The State Department spokesperson declined to discuss any evacuation specifics, saying only, on condition of anonymity that “every effort is made to protect our personnel and prepare for all contingencies at every U.S. mission around the world.” A former senior CIA official said, “There is always an evacuation or bug-out plan in place while operating in a war zone—in fact, it is a requirement.”
But there is little doubt about the aftermath of a quick exit. “If the Taliban were to win in Afghanistan...it would be a massive boost to the jihadist movement that has suffered heavy blows in Iraq and Syria,” said Jones. “This would be a huge boost, considering the historical significance of Afghanistan as the region where the jihad was, in part, born.” There are “indications,” he said, that Osama Bin Laden’s successor. Ayman al-Zawahiri, is “there already, or at least, has at least been in Afghanistan.”
Such nightmare scenarios may yet persuade Trump to back away again from abandoning Afghanistan completely, opting instead for a “lighter footprint” that relies far more on CIA or even private mercenary counterinsurgency operations as advocated by controversial Blackwater founder Erik Prince and others. According to the Woodward book, the CIA has a 3,000-strong force of Afghan fighters in the field.
But Trump is not the only party at the table.
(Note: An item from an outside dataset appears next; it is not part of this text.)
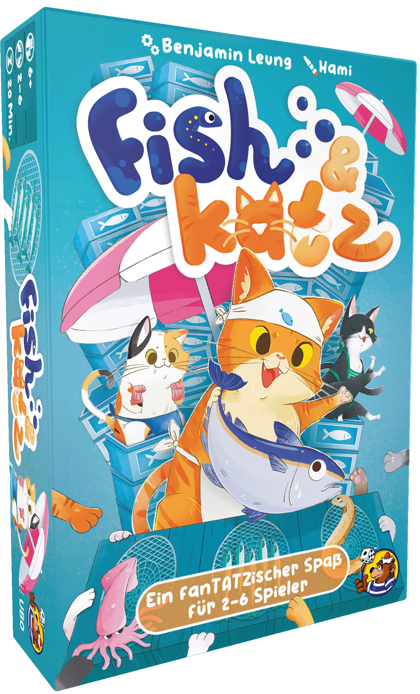 Mit gestrickten Katzen-Tatzen als Fingerpuppe fangen die Mitspielenden Fischkarten unterschiedlicher Wertigkeit. Insgesamt gibt es 50 Fischkarten: Flundern, Sprotten, Lachse, Aale, Kugelfische und Thunfische.

The Taliban has a major say about the future, too.
"Insurgency experts agree that a stalemate is actually a victory for the rebels, especially when foreign powers are involved,” said Johnson. “And history suggests that a foreign power’s public usually will not support a bloody stalemate for an indefinite period of time.
“The Taliban knows this,” Johnson adds. “It’s fond of saying, ‘The Americans have the watches, but we have the time.’”
Correction: An earlier version of this story gave an incorrect last name for General Scott Miller, the new U.S. commander in Afghanistan.